(Data extracted from a collection)

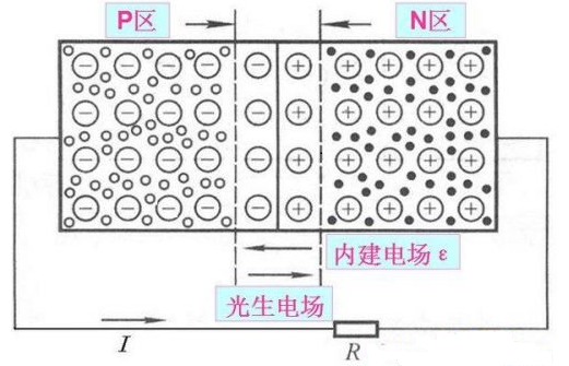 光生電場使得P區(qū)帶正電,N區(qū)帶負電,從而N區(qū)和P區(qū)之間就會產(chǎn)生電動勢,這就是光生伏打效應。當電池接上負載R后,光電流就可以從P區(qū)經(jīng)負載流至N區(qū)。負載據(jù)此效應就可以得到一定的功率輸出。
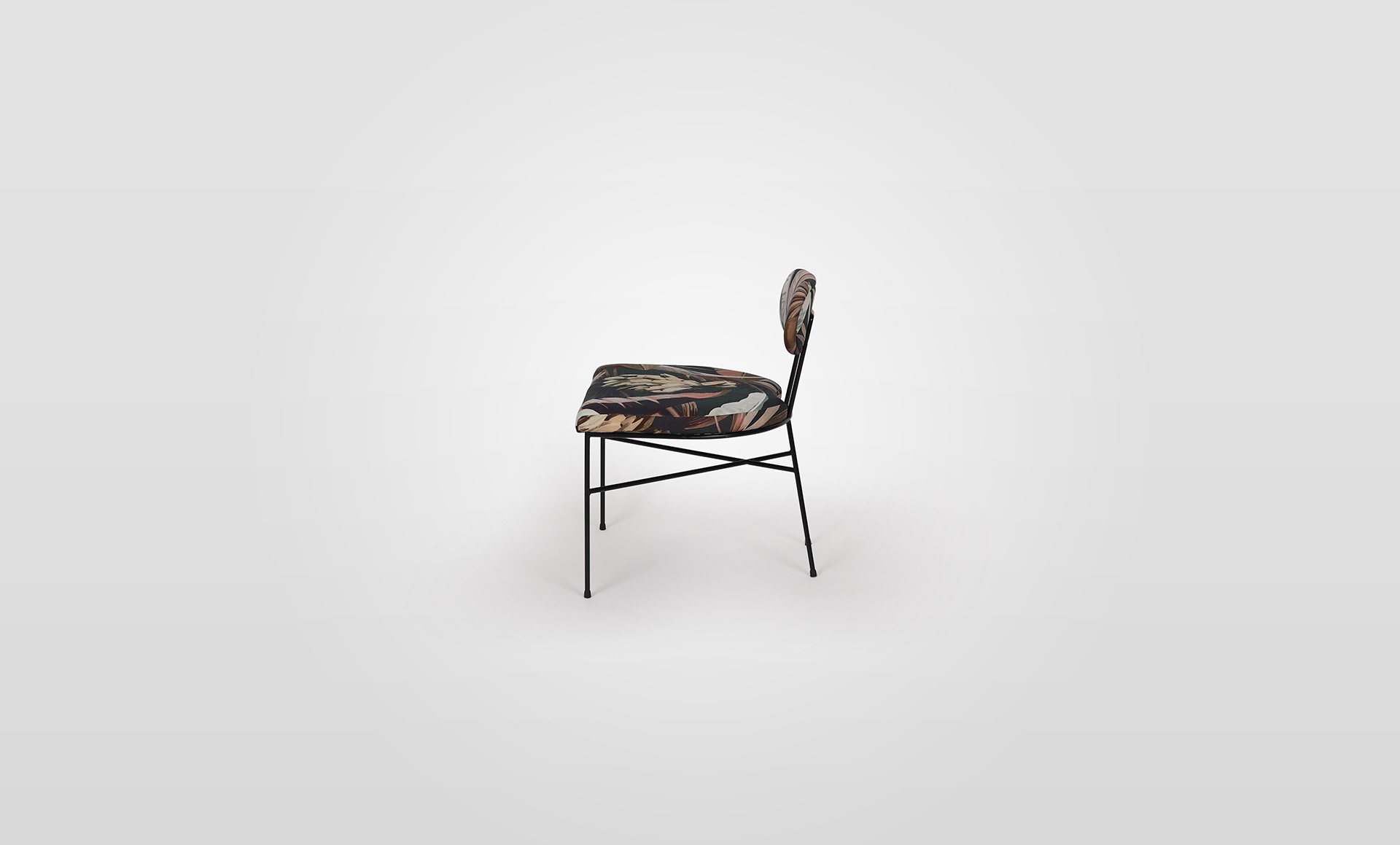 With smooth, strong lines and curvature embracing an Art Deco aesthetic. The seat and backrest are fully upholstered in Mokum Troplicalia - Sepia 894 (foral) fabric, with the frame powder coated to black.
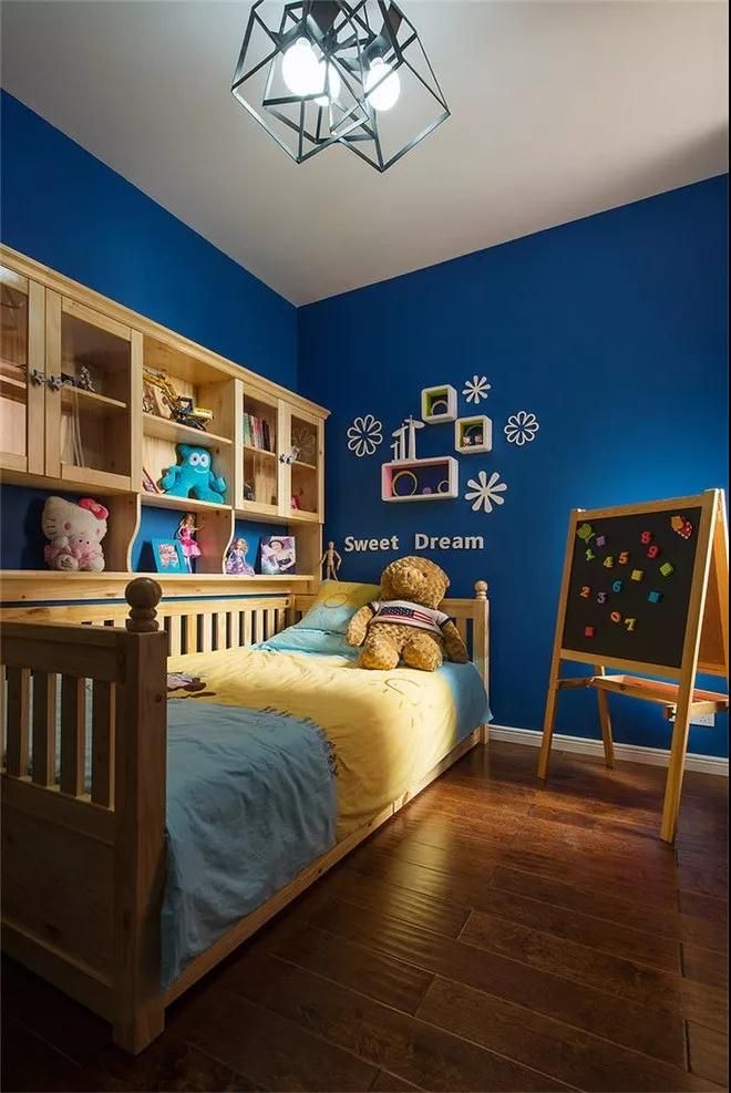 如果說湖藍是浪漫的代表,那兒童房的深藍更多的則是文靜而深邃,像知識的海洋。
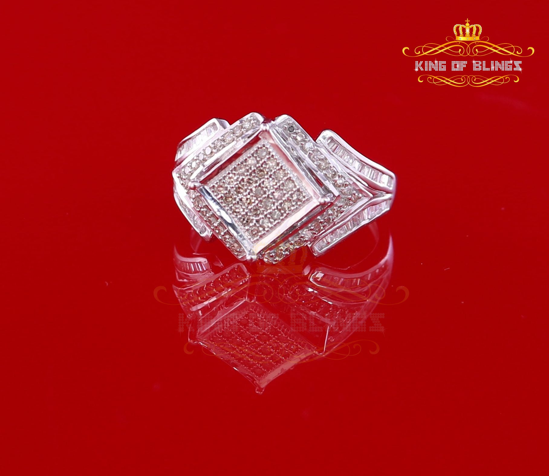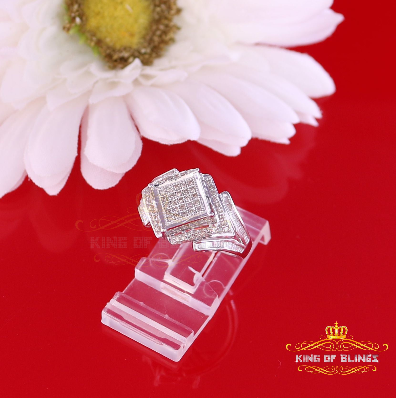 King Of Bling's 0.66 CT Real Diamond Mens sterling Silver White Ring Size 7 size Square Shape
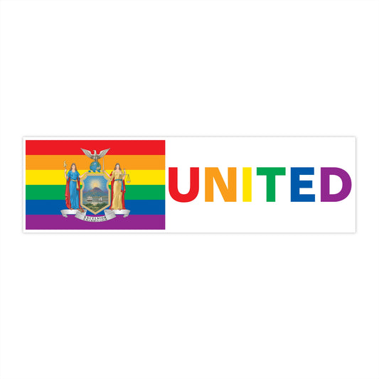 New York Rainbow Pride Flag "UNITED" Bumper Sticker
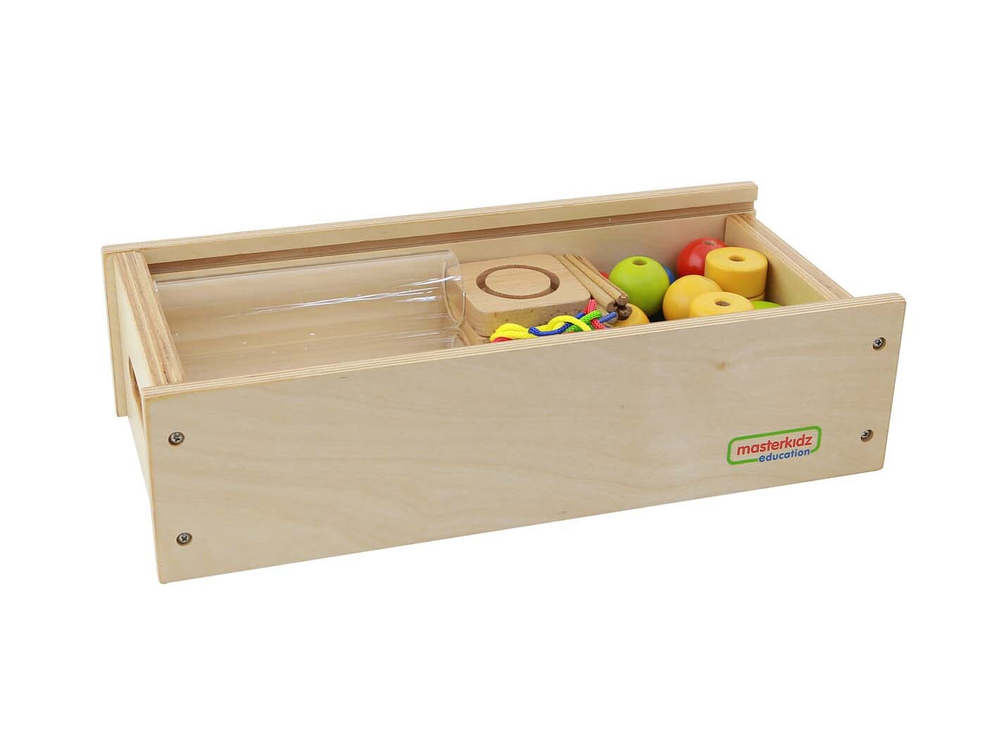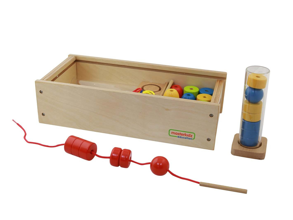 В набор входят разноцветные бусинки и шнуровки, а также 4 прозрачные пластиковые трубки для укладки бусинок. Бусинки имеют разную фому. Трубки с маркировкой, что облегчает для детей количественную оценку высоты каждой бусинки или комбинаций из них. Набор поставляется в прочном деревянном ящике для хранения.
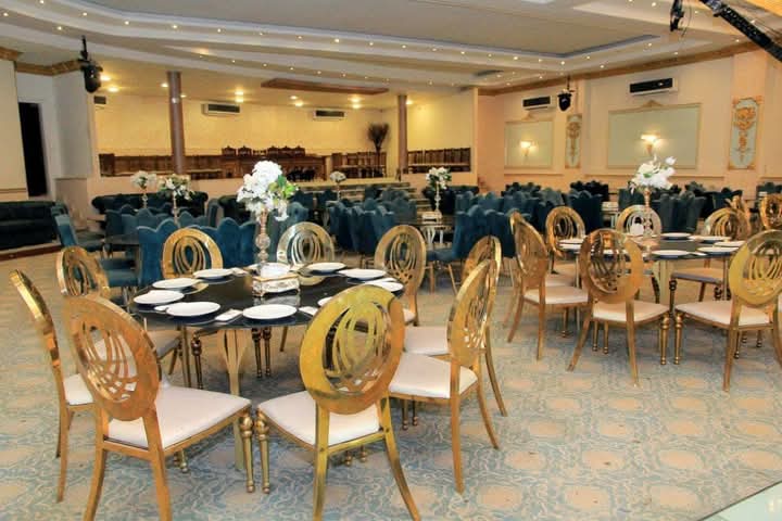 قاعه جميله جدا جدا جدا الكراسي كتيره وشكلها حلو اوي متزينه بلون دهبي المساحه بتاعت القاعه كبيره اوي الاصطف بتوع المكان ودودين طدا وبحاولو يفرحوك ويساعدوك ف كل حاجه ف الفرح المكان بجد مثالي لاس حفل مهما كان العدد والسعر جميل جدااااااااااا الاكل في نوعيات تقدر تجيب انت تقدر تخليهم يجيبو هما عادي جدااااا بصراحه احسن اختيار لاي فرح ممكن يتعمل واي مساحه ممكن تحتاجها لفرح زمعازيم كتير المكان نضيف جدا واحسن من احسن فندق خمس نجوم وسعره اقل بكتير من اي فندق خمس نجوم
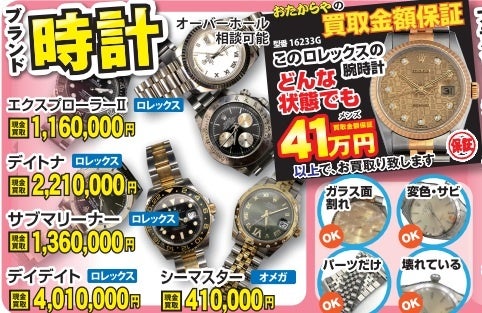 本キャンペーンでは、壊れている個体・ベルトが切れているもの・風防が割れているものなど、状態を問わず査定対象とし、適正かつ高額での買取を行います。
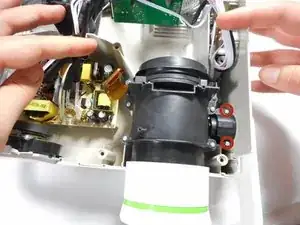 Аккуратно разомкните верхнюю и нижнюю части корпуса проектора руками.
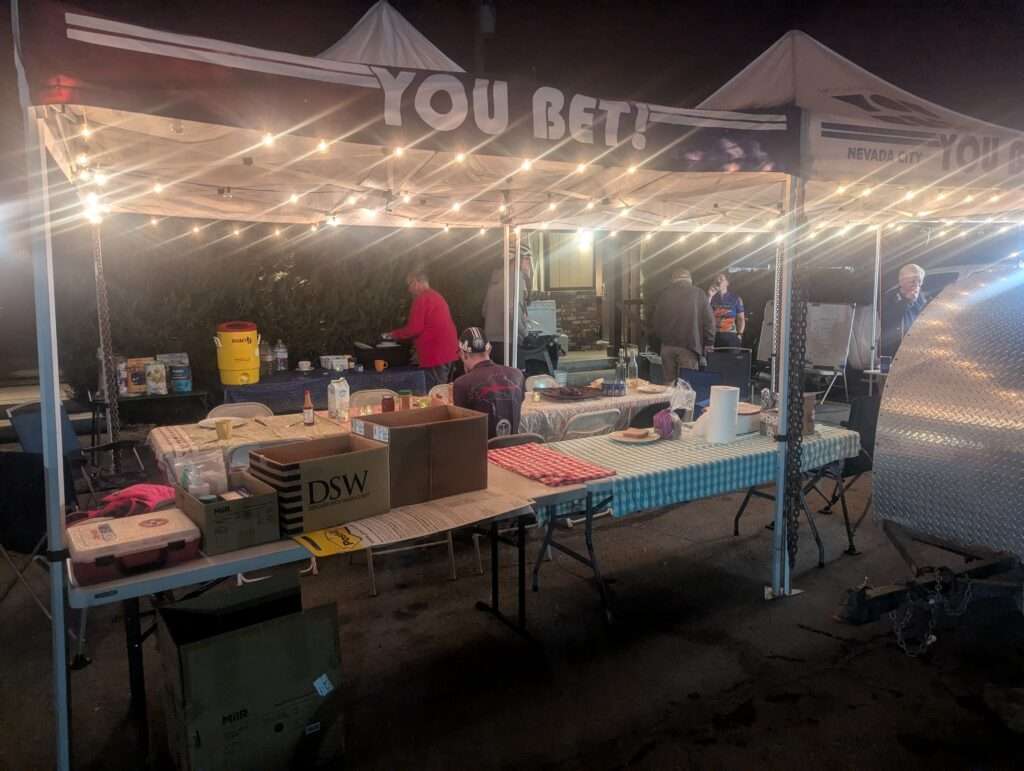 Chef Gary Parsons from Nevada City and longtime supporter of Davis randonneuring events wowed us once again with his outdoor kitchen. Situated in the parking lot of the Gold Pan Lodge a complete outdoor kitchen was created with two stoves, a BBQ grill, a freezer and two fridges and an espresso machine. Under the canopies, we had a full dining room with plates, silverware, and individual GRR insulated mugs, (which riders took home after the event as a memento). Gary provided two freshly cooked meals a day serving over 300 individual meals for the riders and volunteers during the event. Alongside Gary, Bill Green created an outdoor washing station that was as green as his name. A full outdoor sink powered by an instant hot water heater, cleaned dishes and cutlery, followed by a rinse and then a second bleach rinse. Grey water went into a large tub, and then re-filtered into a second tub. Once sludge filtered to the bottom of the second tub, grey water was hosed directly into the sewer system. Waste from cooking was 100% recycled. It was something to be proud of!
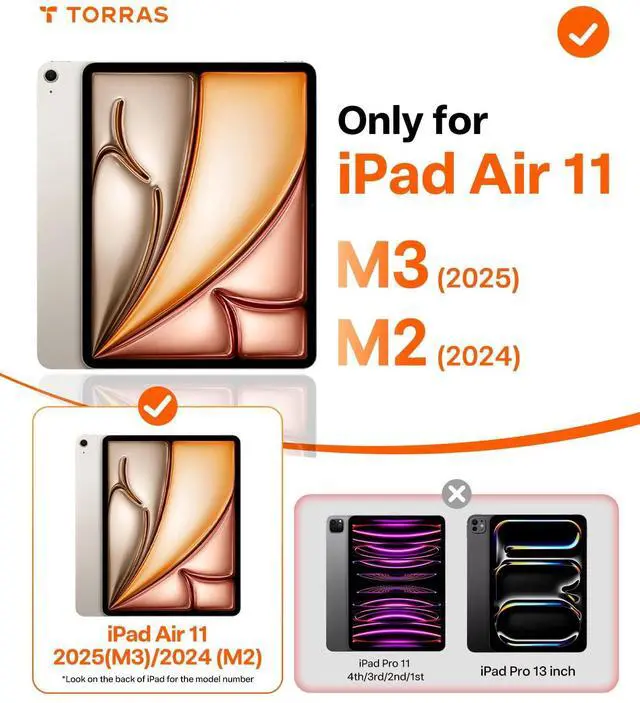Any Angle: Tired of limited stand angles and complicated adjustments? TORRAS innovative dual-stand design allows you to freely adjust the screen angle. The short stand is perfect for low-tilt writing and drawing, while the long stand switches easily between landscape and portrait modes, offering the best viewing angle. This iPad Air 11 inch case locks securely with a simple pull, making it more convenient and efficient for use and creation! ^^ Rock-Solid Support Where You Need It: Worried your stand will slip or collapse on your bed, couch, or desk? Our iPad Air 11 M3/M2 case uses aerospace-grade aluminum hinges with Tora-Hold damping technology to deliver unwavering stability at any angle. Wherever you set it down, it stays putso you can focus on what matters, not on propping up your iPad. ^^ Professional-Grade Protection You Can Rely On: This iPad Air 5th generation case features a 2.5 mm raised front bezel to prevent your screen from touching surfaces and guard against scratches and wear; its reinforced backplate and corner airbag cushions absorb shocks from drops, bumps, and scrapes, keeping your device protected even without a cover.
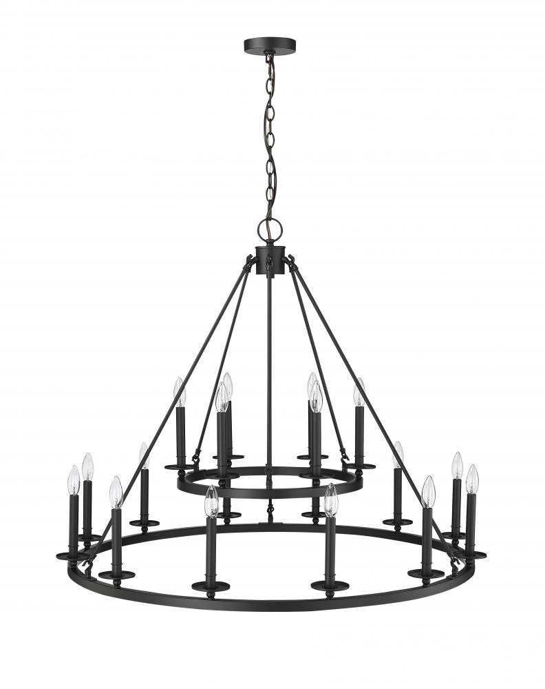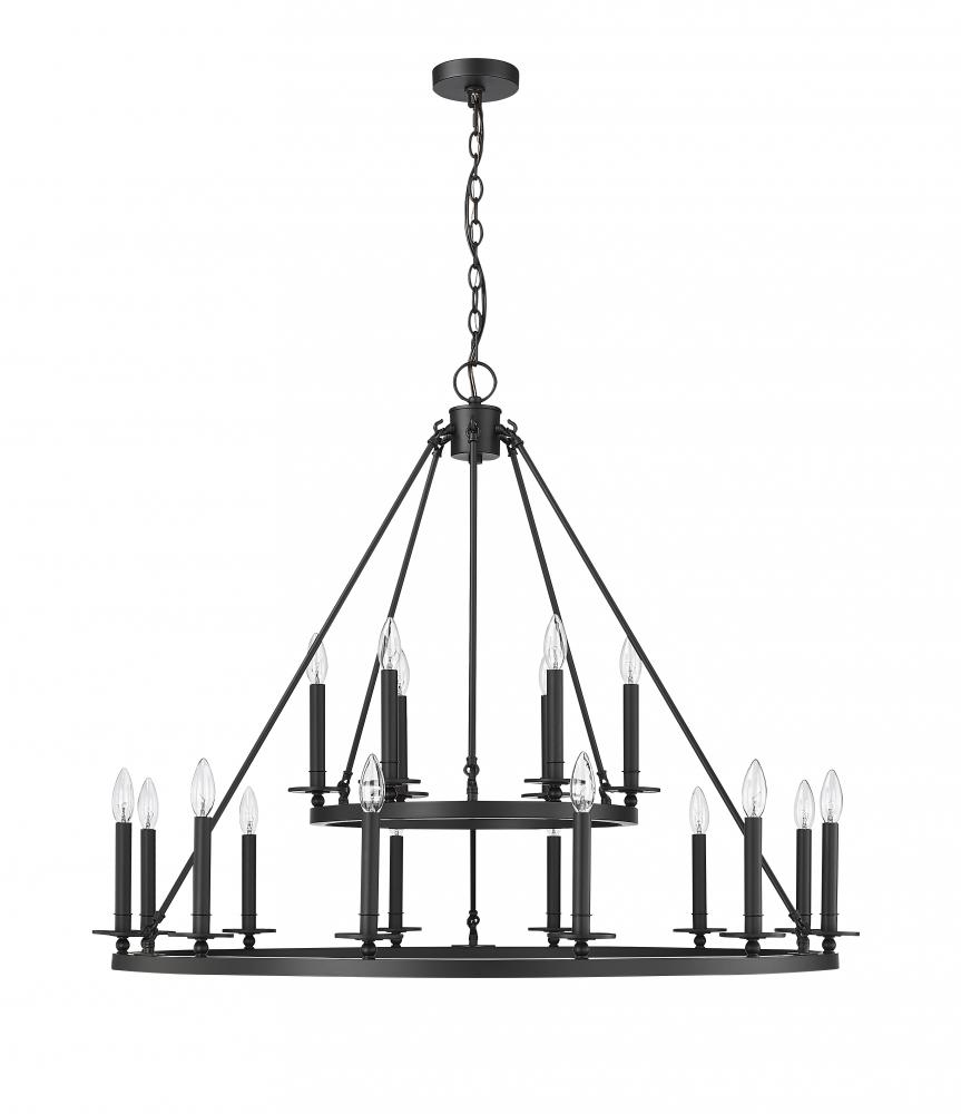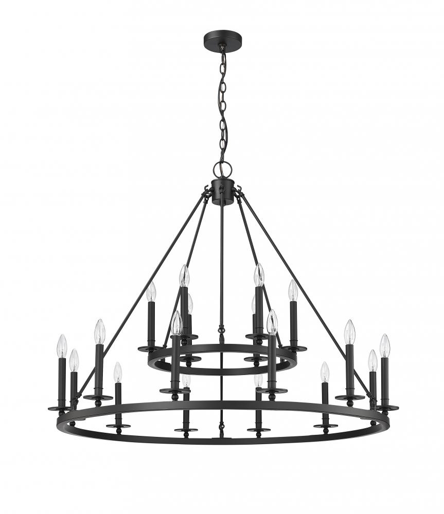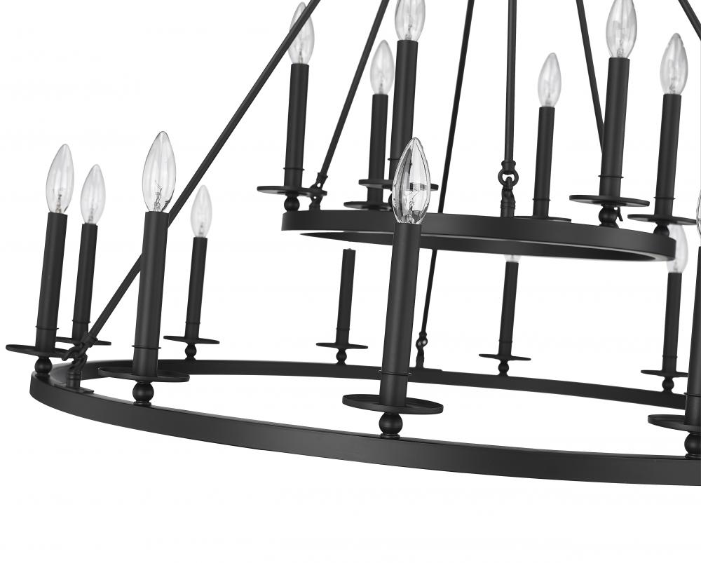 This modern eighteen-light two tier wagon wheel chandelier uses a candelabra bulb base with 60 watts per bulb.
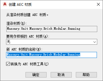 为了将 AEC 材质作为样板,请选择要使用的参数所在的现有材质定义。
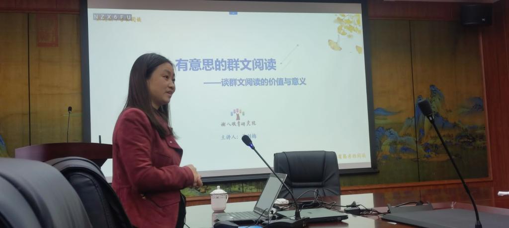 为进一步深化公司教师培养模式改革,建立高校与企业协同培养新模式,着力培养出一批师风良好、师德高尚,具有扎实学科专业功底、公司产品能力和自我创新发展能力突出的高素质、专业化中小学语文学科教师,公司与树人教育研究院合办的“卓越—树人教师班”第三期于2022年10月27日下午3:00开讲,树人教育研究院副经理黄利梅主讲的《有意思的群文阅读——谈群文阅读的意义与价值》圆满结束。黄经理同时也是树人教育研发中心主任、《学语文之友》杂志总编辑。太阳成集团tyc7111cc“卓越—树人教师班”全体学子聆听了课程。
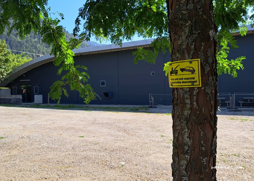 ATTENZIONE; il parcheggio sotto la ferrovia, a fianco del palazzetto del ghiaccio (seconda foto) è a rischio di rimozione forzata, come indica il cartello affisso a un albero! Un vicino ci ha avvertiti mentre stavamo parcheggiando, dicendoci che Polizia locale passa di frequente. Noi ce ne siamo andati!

[Problem requirements]
The lines above starting at the one that holds "King Of Bling's" and ending at the one that holds "Аккуратно разомкните верхнюю" are to be written out exactly, ends included, and no pictures are to be copied.

[Result below]
 King Of Bling's 0.66 CT Real Diamond Mens sterling Silver White Ring Size 7 size Square Shape
 New York Rainbow Pride Flag "UNITED" Bumper Sticker
 В набор входят разноцветные бусинки и шнуровки, а также 4 прозрачные пластиковые трубки для укладки бусинок. Бусинки имеют разную фому. Трубки с маркировкой, что облегчает для детей количественную оценку высоты каждой бусинки или комбинаций из них. Набор поставляется в прочном деревянном ящике для хранения.
 قاعه جميله جدا جدا جدا الكراسي كتيره وشكلها حلو اوي متزينه بلون دهبي المساحه بتاعت القاعه كبيره اوي الاصطف بتوع المكان ودودين طدا وبحاولو يفرحوك ويساعدوك ف كل حاجه ف الفرح المكان بجد مثالي لاس حفل مهما كان العدد والسعر جميل جدااااااااااا الاكل في نوعيات تقدر تجيب انت تقدر تخليهم يجيبو هما عادي جدااااا بصراحه احسن اختيار لاي فرح ممكن يتعمل واي مساحه ممكن تحتاجها لفرح زمعازيم كتير المكان نضيف جدا واحسن من احسن فندق خمس نجوم وسعره اقل بكتير من اي فندق خمس نجوم
 本キャンペーンでは、壊れている個体・ベルトが切れているもの・風防が割れているものなど、状態を問わず査定対象とし、適正かつ高額での買取を行います。
 Аккуратно разомкните верхнюю и нижнюю части корпуса проектора руками.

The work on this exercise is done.